What the 5-year rule means for your dates

Missouri’s general/default SOL period for this analysis is 5 years under Mo. Rev. Stat. § 556.037. Practically, that means:

  • You should set a start anchor date and ensure your spreadsheet only feeds the portion that falls within the 5-year lookback window.
  • If your dataset includes earlier periods, remove them or clearly segregate them so the calculation isn’t accidentally mixing outside-window rows.

Warning: If you apply the 5-year lookback inconsistently—filtering some columns/rows but not others—you can end up with totals that “look reasonable” but don’t match the intended window.

Try the checker

You can run DocketMath Wage Backpay with Missouri jurisdiction-aware rules here: /tools/wage-backpay.

Before you press calculate, use this tight pre-flight checklist:

If you want, paste a summary of your column names and the date fields you’re using, and you can use that to align your spreadsheet so the checker logic can validate it cleanly.

Related reading

What the checker catches

  • Date ordering problems (end date before start date).
  • Rates entered as whole numbers instead of percentages.
  • Missing caps or discounts in the spreadsheet.
  • Inconsistent rounding or day-count conventions.

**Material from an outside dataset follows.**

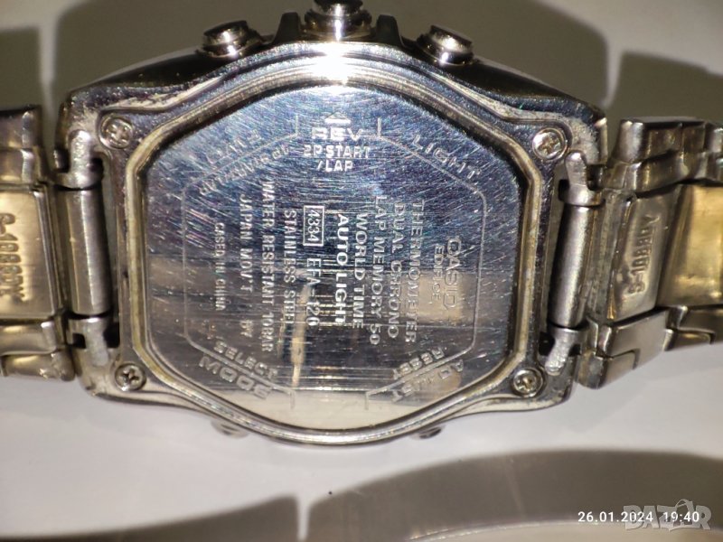 Продавам ръчен часовник Casio edifice. 12/24 часов формат, хронометър, термометър, звуков сигнал на всеки кръгъл час. Световно време. Електролуминисцентно осветление на целия дисплей, заден капак с винтове, водоустойчив. Две батерии за по-дълго издържане около две, три години от смяна до смяна.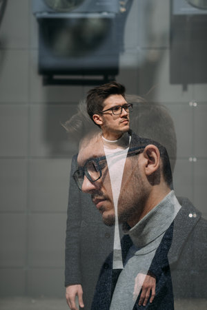 portrait of crazy man with mental disorders and split personality. concept of suppressing emotions and external calmness

If an assumption is uncertain, document it alongside the calculation so the result can be re-run later.

When to run it

Run the checker before importing a spreadsheet into the Wage Backpay workflow. It is especially helpful when you have multiple entries or when a teammate provided the inputs.

If an assumption is uncertain, document it alongside the calculation so the result can be re-run later.

Try the checker

Upload the spreadsheet, review the warnings, and then run the calculation once the inputs are clean: Try the checker.

When rules change, rerun the calculation with updated inputs and store the revision in the matter record.

If an assumption is uncertain, document it alongside the calculation so the result can be re-run later.